◆ Work to be completed:
In the listing, find every line that has the string "with" and copy it.

Dataset records Block Start

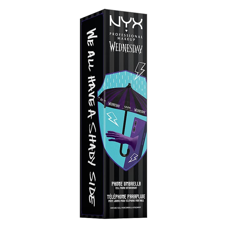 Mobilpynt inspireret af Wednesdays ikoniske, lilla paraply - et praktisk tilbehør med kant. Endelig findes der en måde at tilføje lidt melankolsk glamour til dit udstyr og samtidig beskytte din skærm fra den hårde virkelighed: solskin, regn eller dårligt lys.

Dataset records Block End
Dataset records Block Start

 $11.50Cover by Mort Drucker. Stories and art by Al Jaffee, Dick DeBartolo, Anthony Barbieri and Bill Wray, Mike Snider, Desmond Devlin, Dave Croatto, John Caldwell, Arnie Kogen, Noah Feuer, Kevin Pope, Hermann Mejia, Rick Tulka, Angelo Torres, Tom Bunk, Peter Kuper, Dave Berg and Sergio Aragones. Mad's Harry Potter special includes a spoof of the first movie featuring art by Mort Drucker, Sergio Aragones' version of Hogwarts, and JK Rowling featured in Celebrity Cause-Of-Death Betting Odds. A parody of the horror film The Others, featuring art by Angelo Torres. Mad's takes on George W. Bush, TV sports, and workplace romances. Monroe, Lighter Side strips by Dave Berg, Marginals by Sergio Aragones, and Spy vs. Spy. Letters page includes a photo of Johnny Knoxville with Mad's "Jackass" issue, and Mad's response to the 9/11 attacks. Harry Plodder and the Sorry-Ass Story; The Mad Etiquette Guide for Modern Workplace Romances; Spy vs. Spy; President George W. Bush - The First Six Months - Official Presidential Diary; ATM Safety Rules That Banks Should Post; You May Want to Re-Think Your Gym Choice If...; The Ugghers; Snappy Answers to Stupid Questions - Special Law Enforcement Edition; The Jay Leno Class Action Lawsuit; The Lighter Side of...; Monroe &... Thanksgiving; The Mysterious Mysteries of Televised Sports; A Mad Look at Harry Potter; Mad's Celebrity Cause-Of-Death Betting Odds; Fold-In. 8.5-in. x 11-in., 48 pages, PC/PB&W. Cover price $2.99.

Dataset records Block End
Dataset records Block Start

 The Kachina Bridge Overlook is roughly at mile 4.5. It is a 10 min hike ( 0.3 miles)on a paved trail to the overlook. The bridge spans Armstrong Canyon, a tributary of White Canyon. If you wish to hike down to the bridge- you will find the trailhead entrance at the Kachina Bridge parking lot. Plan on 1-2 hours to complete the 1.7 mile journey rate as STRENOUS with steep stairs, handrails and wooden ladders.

Dataset records Block End

◆ Response to this exercise:
 $11.50Cover by Mort Drucker. Stories and art by Al Jaffee, Dick DeBartolo, Anthony Barbieri and Bill Wray, Mike Snider, Desmond Devlin, Dave Croatto, John Caldwell, Arnie Kogen, Noah Feuer, Kevin Pope, Hermann Mejia, Rick Tulka, Angelo Torres, Tom Bunk, Peter Kuper, Dave Berg and Sergio Aragones. Mad's Harry Potter special includes a spoof of the first movie featuring art by Mort Drucker, Sergio Aragones' version of Hogwarts, and JK Rowling featured in Celebrity Cause-Of-Death Betting Odds. A parody of the horror film The Others, featuring art by Angelo Torres. Mad's takes on George W. Bush, TV sports, and workplace romances. Monroe, Lighter Side strips by Dave Berg, Marginals by Sergio Aragones, and Spy vs. Spy. Letters page includes a photo of Johnny Knoxville with Mad's "Jackass" issue, and Mad's response to the 9/11 attacks. Harry Plodder and the Sorry-Ass Story; The Mad Etiquette Guide for Modern Workplace Romances; Spy vs. Spy; President George W. Bush - The First Six Months - Official Presidential Diary; ATM Safety Rules That Banks Should Post; You May Want to Re-Think Your Gym Choice If...; The Ugghers; Snappy Answers to Stupid Questions - Special Law Enforcement Edition; The Jay Leno Class Action Lawsuit; The Lighter Side of...; Monroe &... Thanksgiving; The Mysterious Mysteries of Televised Sports; A Mad Look at Harry Potter; Mad's Celebrity Cause-Of-Death Betting Odds; Fold-In. 8.5-in. x 11-in., 48 pages, PC/PB&W. Cover price $2.99.
 The Kachina Bridge Overlook is roughly at mile 4.5. It is a 10 min hike ( 0.3 miles)on a paved trail to the overlook. The bridge spans Armstrong Canyon, a tributary of White Canyon. If you wish to hike down to the bridge- you will find the trailhead entrance at the Kachina Bridge parking lot. Plan on 1-2 hours to complete the 1.7 mile journey rate as STRENOUS with steep stairs, handrails and wooden ladders.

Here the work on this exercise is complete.